My target was just as juicy and tempting as it's always been; Jamie isn't small, and the thought of playing with him was exciting, to say the least; he smelled wonderfully spicy and tangy, salty, and fresh, a kaleidoscope of scents and odours and I couldn't wait to taste him. When I slipped my lips over the end of his cock he sighed and kind of dug into the bed, wriggling and settling himself even further into the covers. Jamie loves it when I suck his cock. I don't see it as a chore, and I don't give it to him as some kind of prize or bribe; I do it because I love my husband, and I love how he tastes and the thought of the pleasure it gives him.

I felt his hand on my thigh and I realised he was urging me closer, so I swung my leg over him and then he pulled me closer. I could feel his warm breath on my suddenly extra-sensitive pussy, and when he licked me and poked his tongue between my labia I nearly hit the ceiling as the warm shock zinged through me.

Jamie groaned as I sucked even harder, lashing the crown of his penis with my tongue, and he returned the favour by licking and nibbling me, but when he sucked my clitoris I nearly dissolved into a quivering mass of jelly while sheet lighting shot through my eyes. I came so hard I literally blanked everything out and floated in a place where all was dark and all I could hear was the ringing in my ears.

I heard Jamie calling me from what seemed miles away, but his lips on mine is what brought me around, dazed and confused, but finally compos mentis again.

"What happened...?" I murmured, and Jamie smiled as he brushed my hair back out of my eyes.

"You came, and nearly went, Nia, that must have been a good one!" he grinned happily, his eyes dancing when I took hold of him.

"What about you, baby?" I kissed him, "you got nothing out of that..."

"You're right," he agreed, slipping into me in one long, thrilling thrust, "How's that?"

No answer from me, I was too busy seeing stars and feeling my darling husband filling me as he made love to me. The feel of him against me, thrusting inside me, holding and surrounding and moving with me sent a string of firecrackers off inside me, each more intense than the one before, until they all melded into the perfect fire inside me, warming me with their intense glow.

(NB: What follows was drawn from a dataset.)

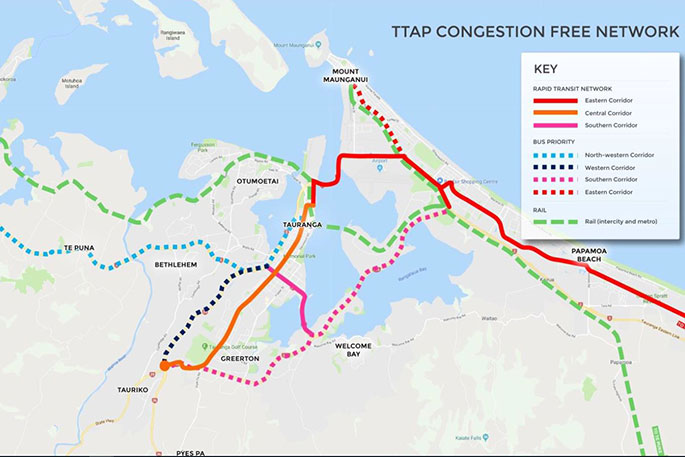The core of the TTAP proposal is a congestion free transport network which will make it faster and cheaper to get around the city by public transport, says Greater Tauranga spokesperson Heidi Hughes. The goal is for travel by public transport between central Tauranga, Greerton, Hairini, Poike, Mount, Arataki, Papamoa and Omokoroa to be cheaper and faster than by car at peak times.

I pulled my man, my Jamie closer to me as I thrust against him, meeting him stroke for stroke, feeling his excitement growing, hearing his whispered endearments as we climbed to that peak together in perfect sync until I couldn't take it anymore, and my heart and soul exploded with love and desire for my wonderful, perfect, gorgeous husband, my brother Jamie.

I tightened around him involuntarily as I came, jagged streaks of lightning blasting through and through me, taking me away, lifting me impossibly high, filling me with light and crackling electricity. I felt Jamie tense as he poured himself into me, heard his long, low growl of fulfilment as I felt pulse after pulse of his hot seed as he filled me once again.

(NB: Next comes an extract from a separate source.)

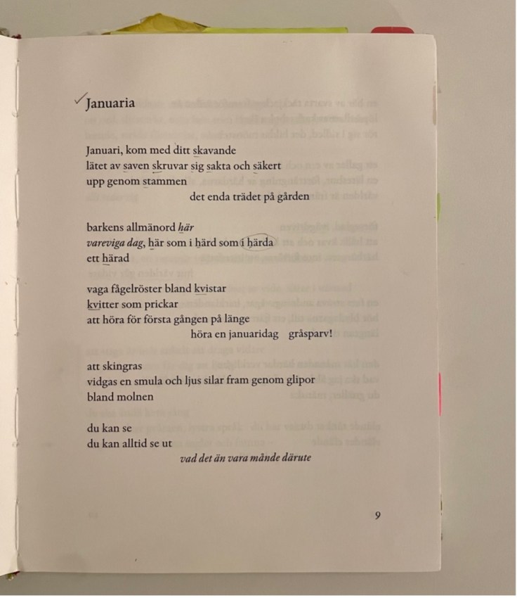 I mentioned above that Frostenson’s poems are often propelled by sonic associations. One such instance appears at the very beginning, in the opening poem “Januaria,” where each of the first two stanzas are oriented around a single alliteration: the first with the alliteration of initial /s/ and second with the repetition of the word här (here), each marked in the Swedish text below. Each conjures an almost propulsive rhythm (especially in combination with the arrangement of long and short vowels and syllable stress).

Sanity and senses returned, frantic motion eased into gentle contact and connection as the fires burned low once more, releasing us, and now soft kisses and whispered endearments and promises came as Jamie and I, once again husband and wife, mommy and daddy, best friends and former siblings returned to the cool darkness and silence of the aftermath of our lovemaking. Jamie seemed content to kiss and nibble me, and the feel of him still full and potent inside me told me all I needed to know about how he felt about me.

Eventually I felt I had to say something.

"Wow, baby, we already have three kids, what were you trying to do, shove another one in there?" I joked, and was rewarded by a muscular twitch as his cock, still embedded deep inside me, gave a heave and stiffened up again.

"Again, baby, already? Another one?"I looked up at him, and was rewarded with his mischievous grin.

"And if we did would that be so bad?" he murmured, moving slightly and setting off all kinds of flashing lights and tingling nerve endings inside me.